[Problem requirements]
Below are the records; copy exactly the stretch from the line containing "Glasbild - Bild" through the line containing "Characters in the", both ends included, and nothing else.

[Working data]
- Opening Delimiter -

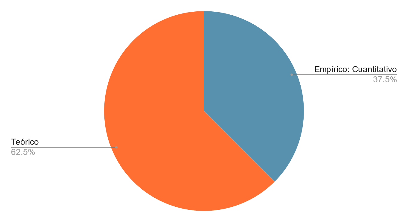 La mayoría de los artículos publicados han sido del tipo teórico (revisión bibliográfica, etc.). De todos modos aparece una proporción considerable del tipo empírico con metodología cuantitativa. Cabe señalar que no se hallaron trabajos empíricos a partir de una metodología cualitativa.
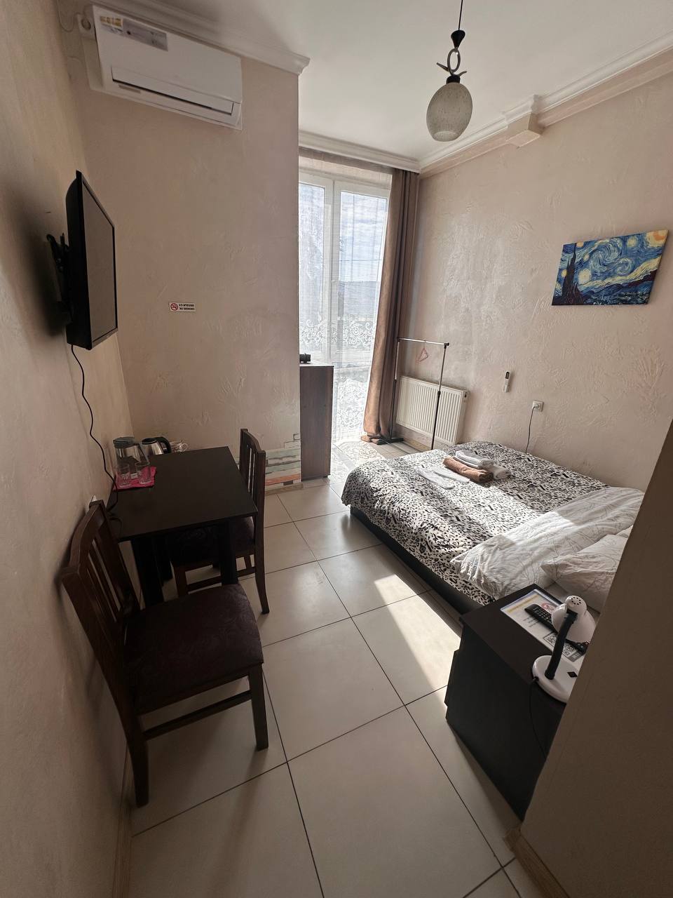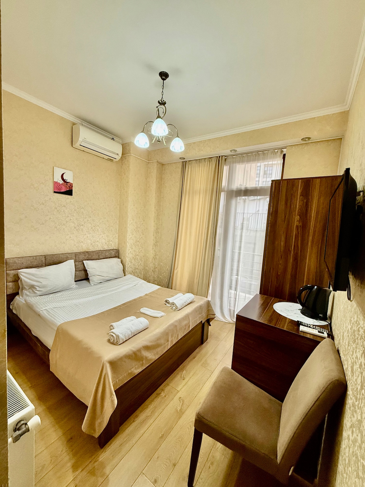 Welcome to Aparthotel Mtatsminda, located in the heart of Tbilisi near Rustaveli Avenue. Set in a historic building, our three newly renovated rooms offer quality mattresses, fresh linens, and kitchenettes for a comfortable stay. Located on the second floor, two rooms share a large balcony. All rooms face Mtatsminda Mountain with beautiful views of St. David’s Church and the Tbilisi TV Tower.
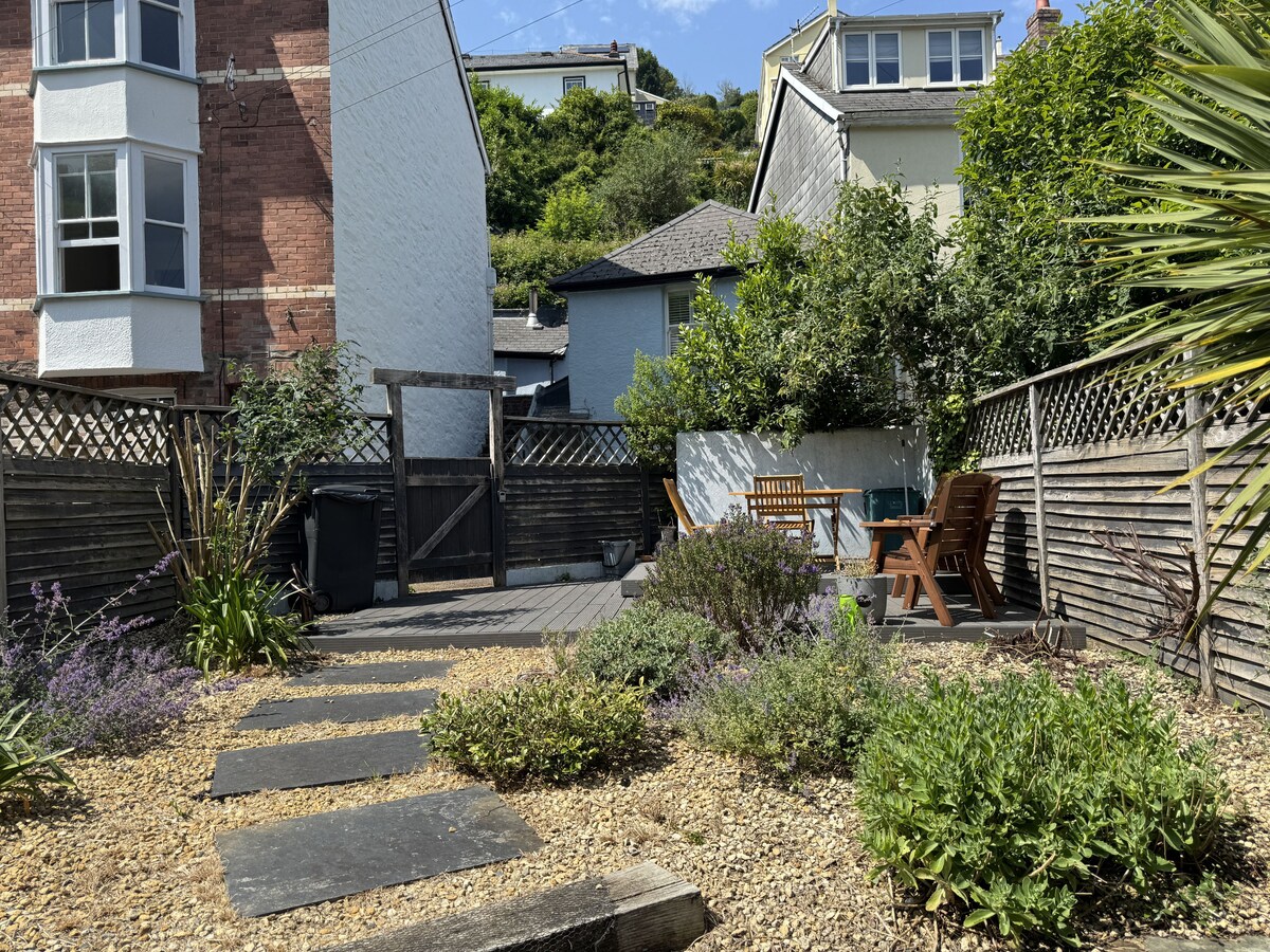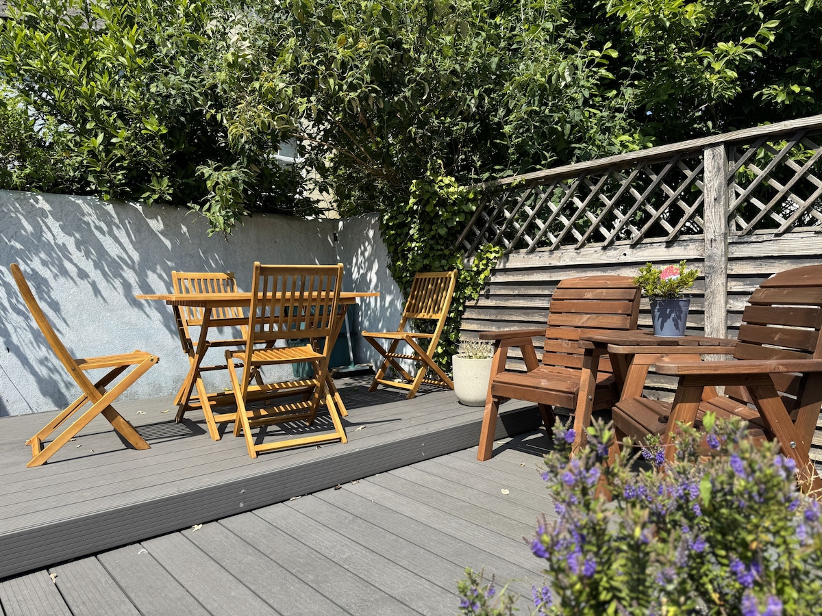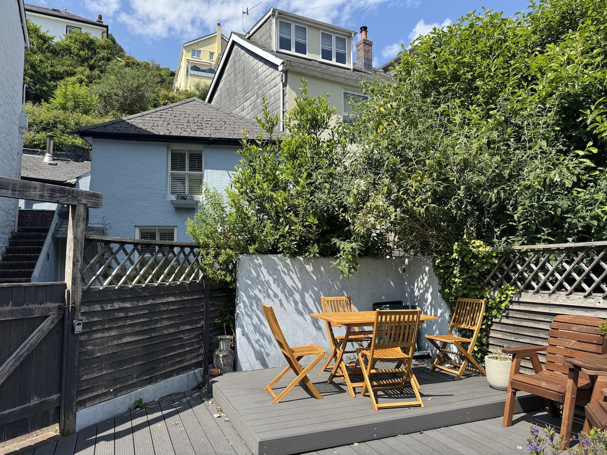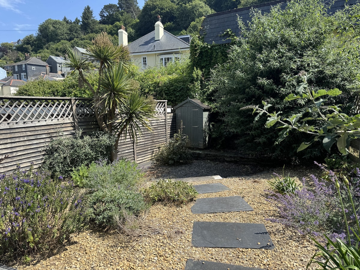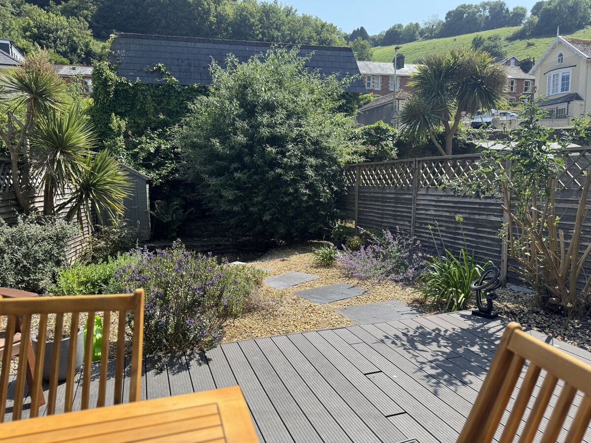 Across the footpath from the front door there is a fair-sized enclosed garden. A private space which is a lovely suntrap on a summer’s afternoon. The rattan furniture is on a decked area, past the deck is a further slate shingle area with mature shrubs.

- Closing Delimiter -
- Opening Delimiter -

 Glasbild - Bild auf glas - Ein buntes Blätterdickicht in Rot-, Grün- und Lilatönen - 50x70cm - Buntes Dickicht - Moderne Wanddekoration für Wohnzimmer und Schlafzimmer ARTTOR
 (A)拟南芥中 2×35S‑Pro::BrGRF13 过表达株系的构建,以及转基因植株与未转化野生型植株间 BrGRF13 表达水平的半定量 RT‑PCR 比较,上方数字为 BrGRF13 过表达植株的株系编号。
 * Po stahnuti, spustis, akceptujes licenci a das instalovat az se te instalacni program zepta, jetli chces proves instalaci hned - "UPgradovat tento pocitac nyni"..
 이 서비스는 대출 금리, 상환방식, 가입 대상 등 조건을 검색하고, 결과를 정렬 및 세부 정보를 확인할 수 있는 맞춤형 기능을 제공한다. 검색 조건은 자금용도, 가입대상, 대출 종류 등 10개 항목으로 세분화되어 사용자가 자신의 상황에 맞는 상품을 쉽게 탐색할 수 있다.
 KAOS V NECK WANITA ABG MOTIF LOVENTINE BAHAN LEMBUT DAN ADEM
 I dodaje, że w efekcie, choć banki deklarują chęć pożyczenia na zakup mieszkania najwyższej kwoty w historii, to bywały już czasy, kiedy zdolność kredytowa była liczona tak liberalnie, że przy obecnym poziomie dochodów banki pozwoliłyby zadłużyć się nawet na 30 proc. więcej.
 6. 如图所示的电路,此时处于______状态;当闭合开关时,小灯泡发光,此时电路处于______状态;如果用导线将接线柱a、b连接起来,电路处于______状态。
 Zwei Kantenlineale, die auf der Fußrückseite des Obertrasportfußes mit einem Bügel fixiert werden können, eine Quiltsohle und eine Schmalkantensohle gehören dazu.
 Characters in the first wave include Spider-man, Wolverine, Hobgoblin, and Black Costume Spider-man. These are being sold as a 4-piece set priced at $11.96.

- Closing Delimiter -

[Solution for this problem]
 Glasbild - Bild auf glas - Ein buntes Blätterdickicht in Rot-, Grün- und Lilatönen - 50x70cm - Buntes Dickicht - Moderne Wanddekoration für Wohnzimmer und Schlafzimmer ARTTOR
 (A)拟南芥中 2×35S‑Pro::BrGRF13 过表达株系的构建,以及转基因植株与未转化野生型植株间 BrGRF13 表达水平的半定量 RT‑PCR 比较,上方数字为 BrGRF13 过表达植株的株系编号。
 * Po stahnuti, spustis, akceptujes licenci a das instalovat az se te instalacni program zepta, jetli chces proves instalaci hned - "UPgradovat tento pocitac nyni"..
 이 서비스는 대출 금리, 상환방식, 가입 대상 등 조건을 검색하고, 결과를 정렬 및 세부 정보를 확인할 수 있는 맞춤형 기능을 제공한다. 검색 조건은 자금용도, 가입대상, 대출 종류 등 10개 항목으로 세분화되어 사용자가 자신의 상황에 맞는 상품을 쉽게 탐색할 수 있다.
 KAOS V NECK WANITA ABG MOTIF LOVENTINE BAHAN LEMBUT DAN ADEM
 I dodaje, że w efekcie, choć banki deklarują chęć pożyczenia na zakup mieszkania najwyższej kwoty w historii, to bywały już czasy, kiedy zdolność kredytowa była liczona tak liberalnie, że przy obecnym poziomie dochodów banki pozwoliłyby zadłużyć się nawet na 30 proc. więcej.
 6. 如图所示的电路,此时处于______状态;当闭合开关时,小灯泡发光,此时电路处于______状态;如果用导线将接线柱a、b连接起来,电路处于______状态。
 Zwei Kantenlineale, die auf der Fußrückseite des Obertrasportfußes mit einem Bügel fixiert werden können, eine Quiltsohle und eine Schmalkantensohle gehören dazu.
 Characters in the first wave include Spider-man, Wolverine, Hobgoblin, and Black Costume Spider-man. These are being sold as a 4-piece set priced at $11.96.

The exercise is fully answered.